One afternoon, I was upstairs in the sun-filled gym, a brush dipped with black ink in my hand. Everyone was focused in their work, some were discussing with their leaders; and I remember sitting there, gazing at the windows, realizing for the first time how blue the sky was. For the first time I was happy with the world. I don’t know why, but everything seemed perfect.
The performance was astonishing. Standing there in the stage as one choir member while the audiences clapped I recalled the hard work we put into this one day. So many people sang together creating a beautiful harmony, and everything was decorated with the accessories, dresses and art we created which was all associated with the overall theme of the concert.
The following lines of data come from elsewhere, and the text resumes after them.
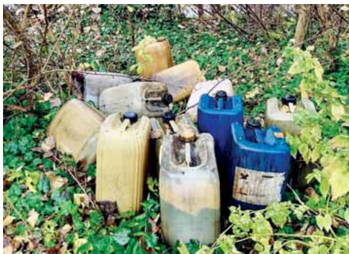
Čierna skládka v lokalite Na bagri

Popri našej práci sa, bohužiaľ, často stretávame aj s ľudskou hlúpostou, bezohľadnosťou a podobnými negatívnymi javmi, ktoré zneprijemňujú život všetkým v našej komunite, hazardujú so životným prostredím a neraz aj ohrozujú bezpečnosť.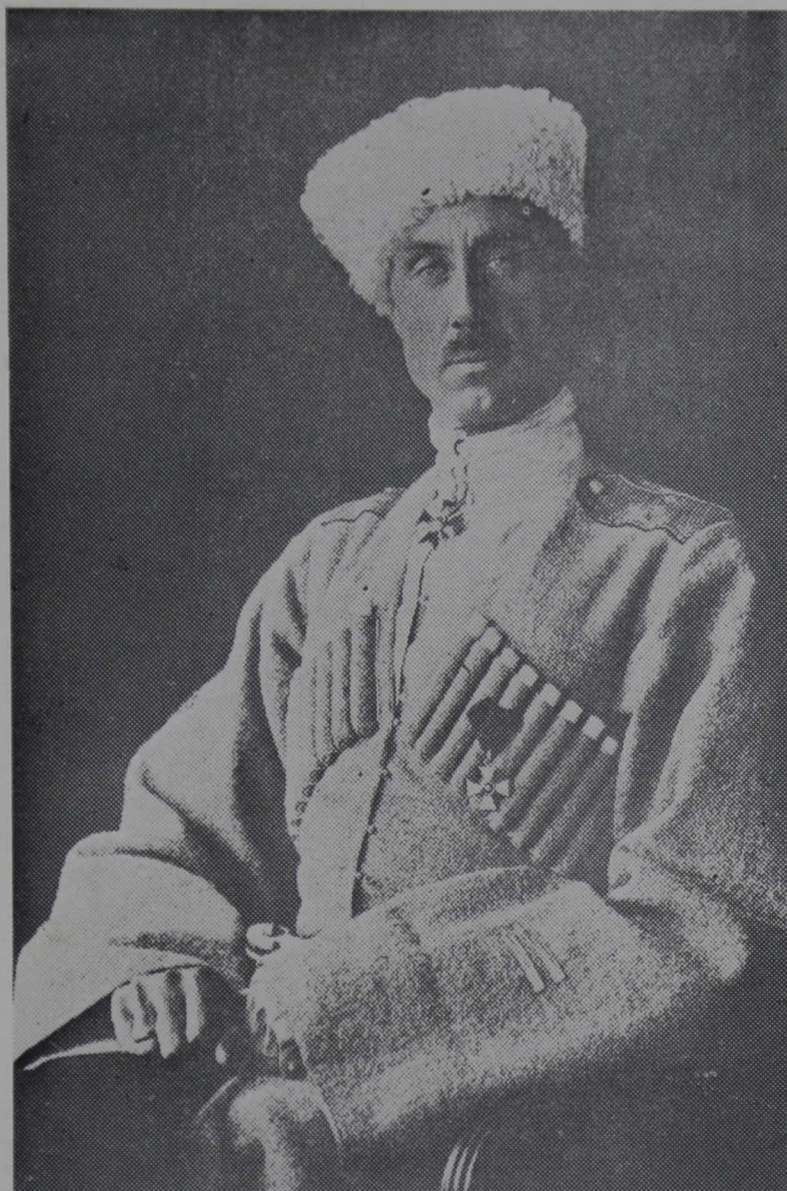
Командующий Кавказской Армией Генерал Барон Петр Николаевич Врангель.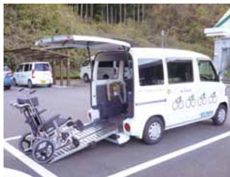
移送車2 車いす仕様 (スロープ式)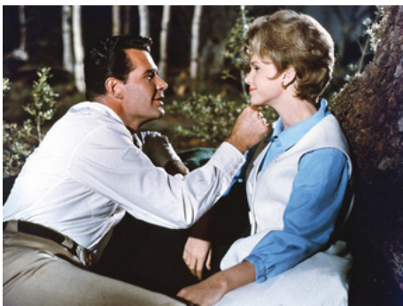
1963 LITS SÉPARÉS (The Wheeler Dealers) d'Arthur Hiller avec James Garner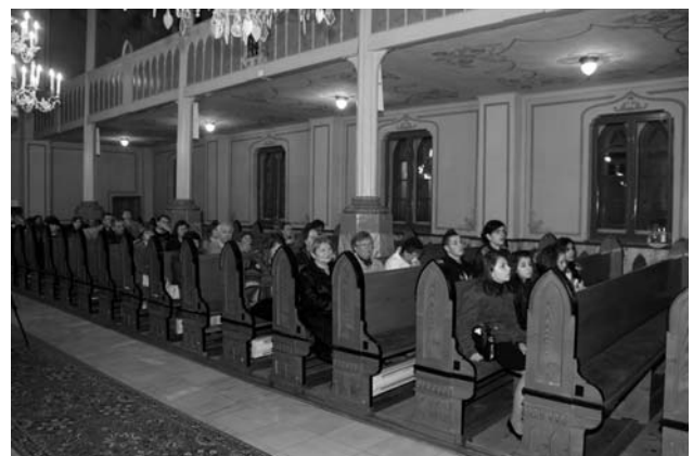
Hľadanie a poznávanie Hviezdoslava v evanjelickom kostole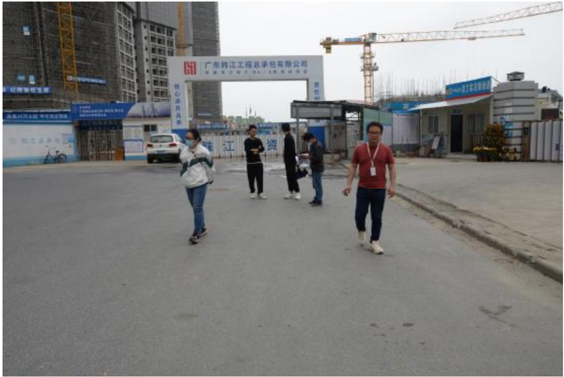
图 6 对地块地表进行踏查（东—西）

I never knew that if there was commitment and cooperation people could create something very special and beautiful from scratch. I ended up taking choir again.
Partner's PSP
If there is one word to describe myself, it would be “impulsive”. I believe in my instinct, and I’ll do whatever I think it’s necessary to get my dreams and ambitions come true. My ultimate goal is to be prosperous: work in a high-paying business and be successful in a capitalist economy. A lot of people have the same dream of becoming rich and living magnificently, but how many of them actually do something to reach their desired life? Most of them will just whine or daydream about it, being too lazy and doubting that they’ll ever get anything close. I have heard many people blaming the society. They all say, in unison, that only the selected ones get to have an affluent life; that they are the unchosen ones, the poor sweating away desperately just to add on the wealth of the wealthy. Well, of course - I always think - a person unwilling to put effort towards their dreams does not have the right to achieve them. That is the same reason why I believe in capitalism: people that will do anything to pursue their goals should at least be given a chance.
When I was younger, I wanted to develop my skateboard skills. It was not like I was forced by anyone, I didn’t need to if I didn’t want to, but nevertheless I practiced. I practiced and practiced almost every day because I just wanted to get better at it and knew that rehearsal was the only way I could achieve this. My effort paid off - after a few weeks, I was able to master challenging tricks that I couldn’t really perform before. If there is something I can do to improve my position, I believe there is absolutely no reason not to do it. A goal I have for my future right now is to enter the stock market and establish a successful business, but I don’t just wait for the goddess of luck to smile on me. To prepare for the real-world economics, I actively study and listen to people’s experiences.
Just working hard doesn’t guarantee success, though. A person has to work hard in the right direction in order to attain their goal - and sometimes, the situation changes, so they have to be adaptive if they still want to be on the roll. Stock values are instable. People can never guess what might happen in the future. The earlier years in my life was complicated, and I always faced major changes. On one year, I was enrolled in an international school - but on another years, I was pushed to a Japanese one. I found it especially hard to fit in with the Japanese schools - along with kanjis and other Japanese-specific education styles, I had to get used to new cultures and norms different from the ones in HIS. I eventually got over it, and because of my experience, I became pretty adaptable. When I face problems, I believe in my gut and try out new things. Impulsiveness is my secret path to success.